Every line of the listing below should be written out exactly, minus its pictures.

***** Dataset content

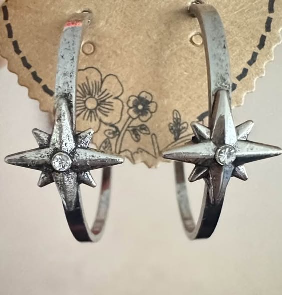 These super sleek silver star hoops add a playful sparkle with a small rhinestone nestled in the center of each star. Lightweight and vibrant, they’re the perfect accessory to brighten your day and elevate any look with a touch of cosmic charm.
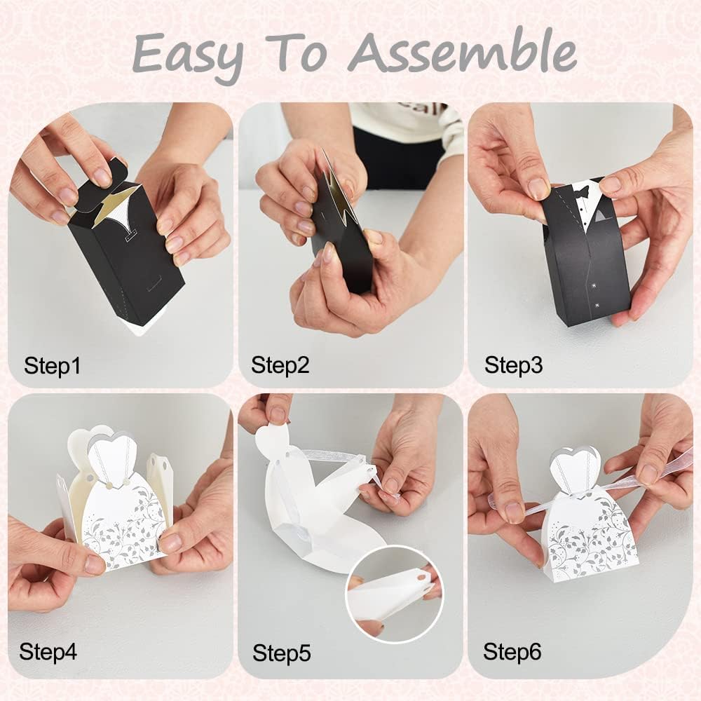 Bulk 50 Pcs Bride & Groom Wedding Party Favor Boxes Set Elegant Dress & Tuxedo Themed Candy Gift Boxes for Bridal Showers Receptions Party Decor Wholesale
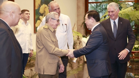 (VOVWORLD) -越南国会主席王庭惠4月20日在哈瓦那古巴革命宫会见古巴革命领袖劳尔·卡斯特罗·鲁斯大将和古巴共产党中央委员会第一书记、国家主席米格尔·迪亚斯-卡内尔。
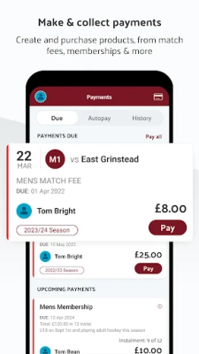 Takım ödemelerini (abonelikler, biletler, maç ücretleri) kolay bir şekilde uygulama içinde tek tıklamayla alın ve takip edin.

**********

## Expected answer
 These super sleek silver star hoops add a playful sparkle with a small rhinestone nestled in the center of each star. Lightweight and vibrant, they’re the perfect accessory to brighten your day and elevate any look with a touch of cosmic charm.
 Bulk 50 Pcs Bride & Groom Wedding Party Favor Boxes Set Elegant Dress & Tuxedo Themed Candy Gift Boxes for Bridal Showers Receptions Party Decor Wholesale
 (VOVWORLD) -越南国会主席王庭惠4月20日在哈瓦那古巴革命宫会见古巴革命领袖劳尔·卡斯特罗·鲁斯大将和古巴共产党中央委员会第一书记、国家主席米格尔·迪亚斯-卡内尔。
 Takım ödemelerini (abonelikler, biletler, maç ücretleri) kolay bir şekilde uygulama içinde tek tıklamayla alın ve takip edin.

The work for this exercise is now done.